Synopsis
A sprite compiler that targets 16-bit 65816 assembly code on the Apple IIgs computer. The sprite compiler uses informed search techniques to generate optimal code for whole-sprite rendering.
Example
The compiler takes a simple masked, sparse byte sequence which are represented by (data, mask, offset) tuples. During the search, it tracks the state of the 65816 CPU registers in order to find an optimal sequence of operations to generated the sprite data. The space of possible actions are defined by the subclasses of the CodeSequence class.
Currently, the compiler can only handle short, unmasked sequences, but it does correctly find optimal code sequences. Here is a sample of the code that the compiler generates
Data = $11
TCS ; 2 cycles
SEP #$10 ; 3 cycles
LDA #$11 ; 2 cycles
STA 00,s ; 4 cycles
REP #$10 ; 3 cycles
; Total Cost = 14 cycles
Data = $11 $22
TCS ; 2 cycles
LDA #$2211 ; 3 cycles
STA 00,s ; 5 cycles
; Total Cost = 10 cycles
Data = $11 $22 $22
TCS ; 2 cycles
LDA #$2222 ; 3 cycles
STA 02,s ; 5 cycles
LDA #$2211 ; 3 cycles
STA 01,s ; 5 cycles
; Total Cost = 18 cycles
Data = $11 $22 $11 $22
TCS ; 2 cycles
LDA #$2211 ; 3 cycles
STA 00,s ; 5 cycles
STA 02,s ; 5 cycles
; Total Cost = 15 cycles
Data = $11 $22 $33 $44 $55 $66
ADC #5 ; 3 cycles
TCS ; 2 cycles
PEA $6655 ; 5 cycles
PEA $4433 ; 5 cycles
PEA $2211 ; 5 cycles
; Total Cost = 20 cycles
Data = $11 $22 $11 $22 $11 $22 $11 $22
ADC #7 ; 3 cycles
TCS ; 2 cycles
LDA #$2211 ; 3 cycles
PHA ; 4 cycles
PHA ; 4 cycles
PHA ; 4 cycles
PHA ; 4 cycles
; Total Cost = 24 cycles
Data = ($11, 0), ($11, 160), ($11, 320)
A simple sprite three lines tall.
TCS ; 2 cycles
SEP #$10 ; 3 cycles
LDA #$11 ; 2 cycles
PHA ; 3 cycles
STA A1,s ; 4 cycles
REP #$10 ; 3 cycles
TSC ; 2 cycles
ADC #321 ; 3 cycles
TCS ; 2 cycles
SEP #$10 ; 3 cycles
LDA #$11 ; 2 cycles
PHA ; 3 cycles
REP #$10 ; 3 cycles
; Total Cost = 35 cycles
Limitations
-
The search is quite memory intensive and grows too fast to handle multi-line sprite data yet.

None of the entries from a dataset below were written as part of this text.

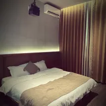✔️ The room's lighting is warm-toned, and after a day of sightseeing, it was pure bliss to lie in bed with friends and watch something on the huge projector screen! 🥰🥰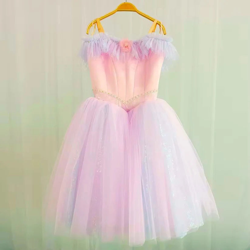 The Romantic length tutu skirt is created with different pastel shades of glittery tulle: lilac, pink, pale blue and white.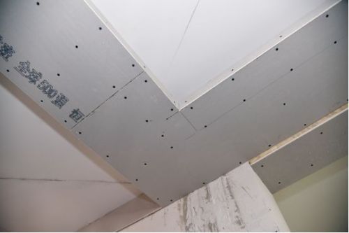 L型整板切割工艺,转角处石膏板罩面必须采用L型整体裁切,可有效避免后期吊顶转角处开裂。

Future versions will incorporate more aggressive heuristic and Iterative Deepening A-Star search to mitigate the memory usage.
-
Carry Bit Tracking. If the stack is moved backwards, the code does not track that the carry is now set, so the next ADC instruction will be off by one. Proper carry bit tracking should remove the need for any CLC/SEC instructions.
-
High/Low Register States. The state of a register (A/X/Y/S/D) is itentified to be in one of three states: IMMEDIATE, SCREEN_OFFSET, UNINITIALIZED. There are cases where high and low bytes of a register can be in a different state and the compiler does not track this scenario. Ex.
TCS ; A = SCREEN_OFFSET
SEP #$10 ; Endable 8-bit accumulator
LDA #$11 ; Low Byte = IMMEDIATE / High Byte = SCREEN_OFFSET
Currently, the accumulator will be marked as having an IMMEDIATE value of $0011, rather than the intederminant value of $--11. If there are 16-bit data values equal to $0011, then the compiler could emit incorrect code.
-
Heuristic is too ooptimistic. The Heuristic function does not take into account the cost of masked data stores, stack movement, or switrched between 8-bit and 16-bit modes. As such, it is too optimistic in many cases and causes the effectrive branching factor of the search to become too large. For example, one test case has a true cost of 37 cycles, but the heuristic estimated a total cost of 19 cycles from the initial state.
-
Successor function allows non-productive moves. Specifically, it allows a switch to/from 8/16-bit mode at any point, e.g. SEP/REP instructions. As such, the expander will propose long sequences of SEP/REP/SEP/REP/SEP/REP/... Since each instruction is cheaper than any code that actually writes data, many states are expanded that a trivially redundent until their cumulative cost is greater that a store. This can actually be quite high for 16-bit masked stores (16 cycles), which is 5 SEP/REP expansions.
License
MIT License